• **PROBLEM DETAILS**:
An exact transcription is needed of the lines below from the one with "- je peux ajouter" through the one with "Con la finalidad", with no other lines and no pictures.
Start of RECORDS TO PROCESS
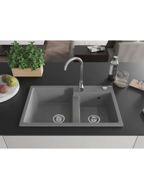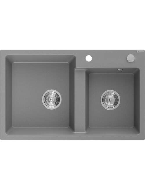 Dane techniczne: Rozmiar: 800x500x190 mm Głębokość komory: 180 mm (większa), 180 mm (mniejsza) Wymiary komory: 440x387 mm (większa), 370x303 mm (mniejsza) Średnica odpływu: ø90 mm Rodzaj: 2-komorowy Typ: Wpuszczany w blat Materiał: Granit Kolor: Szary Wykończenie syfonu: Chrom Otwór przelewowy: Tak Otwór na baterie: Tak Syfon automatyczny w komplecie Wysoka odporność na zarysowania i przebarwienia Odporność na szok termiczny Powierzchnia ułatwiająca czyszczenie Jeden dodatkowy podfrezowany otwór do samodzielnego wybicia ø35 |
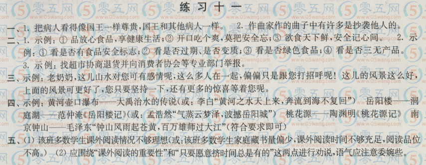 初中七年級寒假學(xué)習(xí)生活語文練習(xí)十一答案
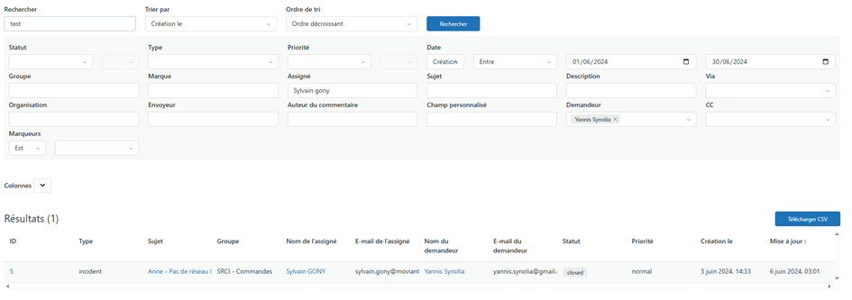 - je peux ajouter un critère de date en disant que je cherche un ticket créé au mois de juin par exemple :
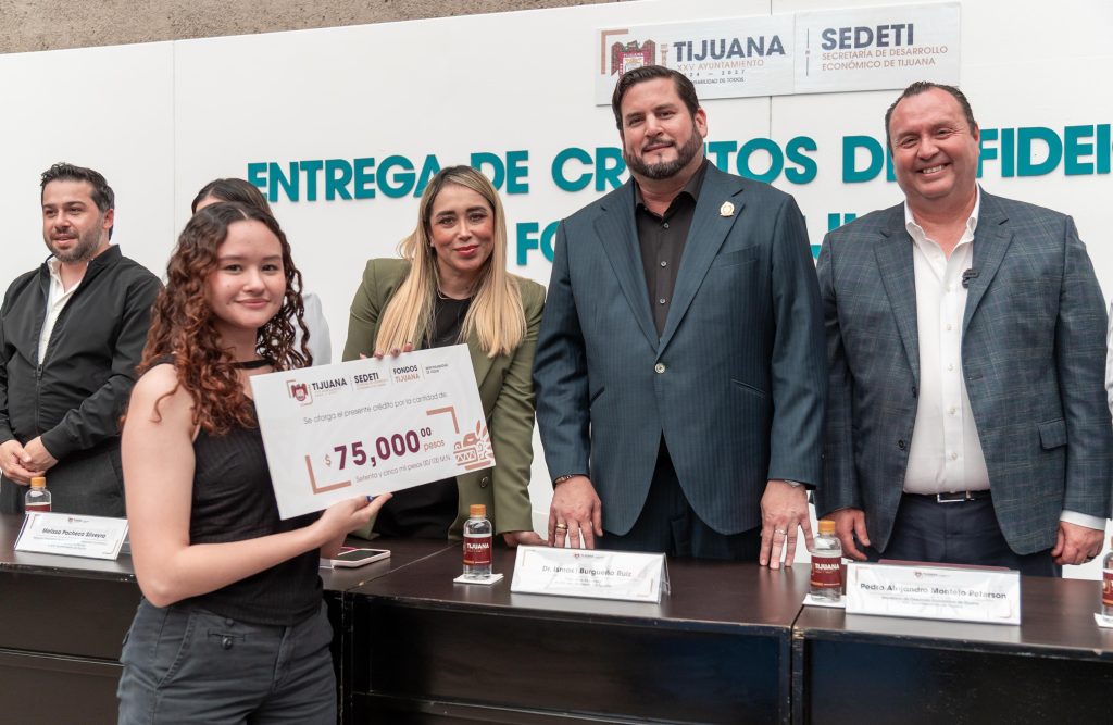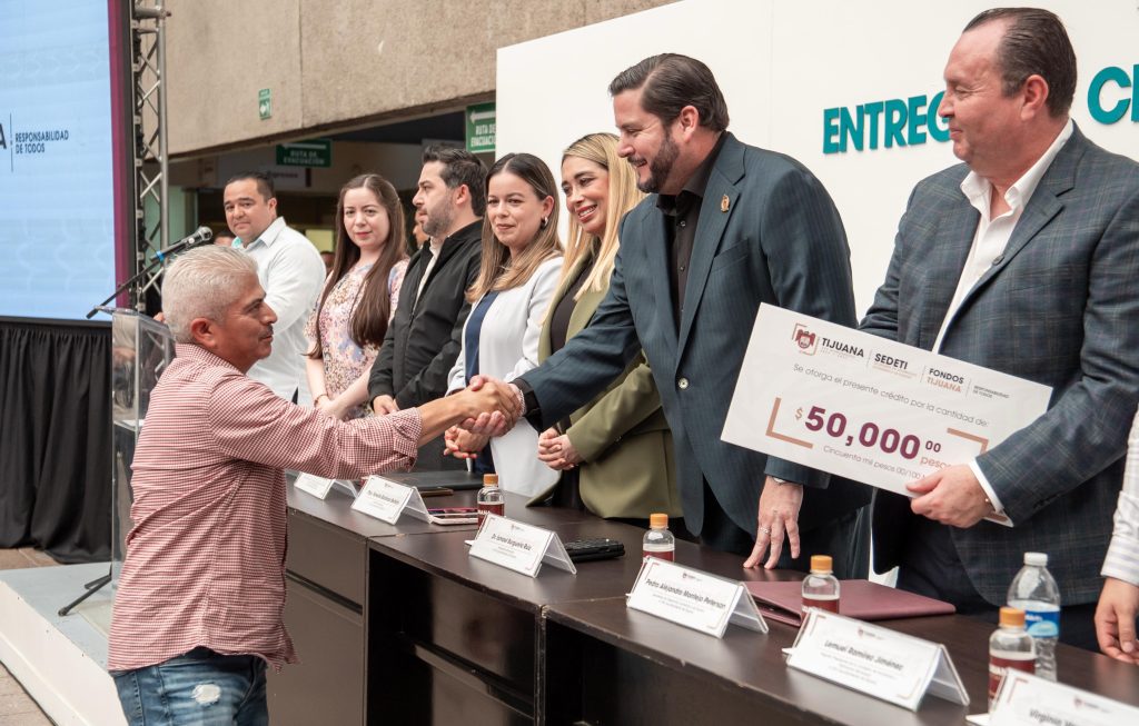 Con la finalidad de generar bienestar en las familias tijuanenses, así como impulsar el desarrollo económico de la ciudad, el presidente municipal, Ismael Burgueño Ruiz, encabezó, en Palacio Municipal, la ceremonia de entrega de 484 créditos del Fideicomiso Fondos Tijuana, que representan una inversión superior a los 23 millones de pesos.
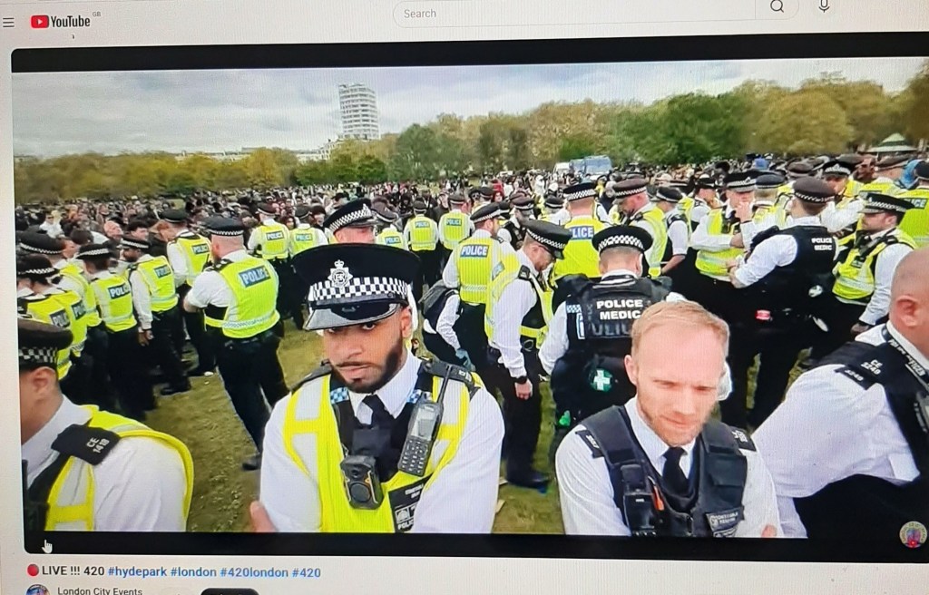 At 420 rallies across the world people come together in the name of peace and, as Bob Marley sang, One Love — and to stand against racist laws that keep one of nature’s most versatile plants illegal. But at London’s Hyde Park 420 Cannabis Rally 2026 the police were intrusive, provocative and certainly out to spoil the fun. They conducted searches and made arrests — when doing so a number of them formed a wall around the person being grappled and held down. One such man loudly declared over and over that he was being arrested for possessing one joint — on 4 20!. The impassive looks on the faces in the police wall was disturbing, though occasionally I spotted one thinking ‘wtf we doing here?’…
End of RECORDS TO PROCESS
• **YOUR RESPONSE**:
 - je peux ajouter un critère de date en disant que je cherche un ticket créé au mois de juin par exemple :
 Con la finalidad de generar bienestar en las familias tijuanenses, así como impulsar el desarrollo económico de la ciudad, el presidente municipal, Ismael Burgueño Ruiz, encabezó, en Palacio Municipal, la ceremonia de entrega de 484 créditos del Fideicomiso Fondos Tijuana, que representan una inversión superior a los 23 millones de pesos.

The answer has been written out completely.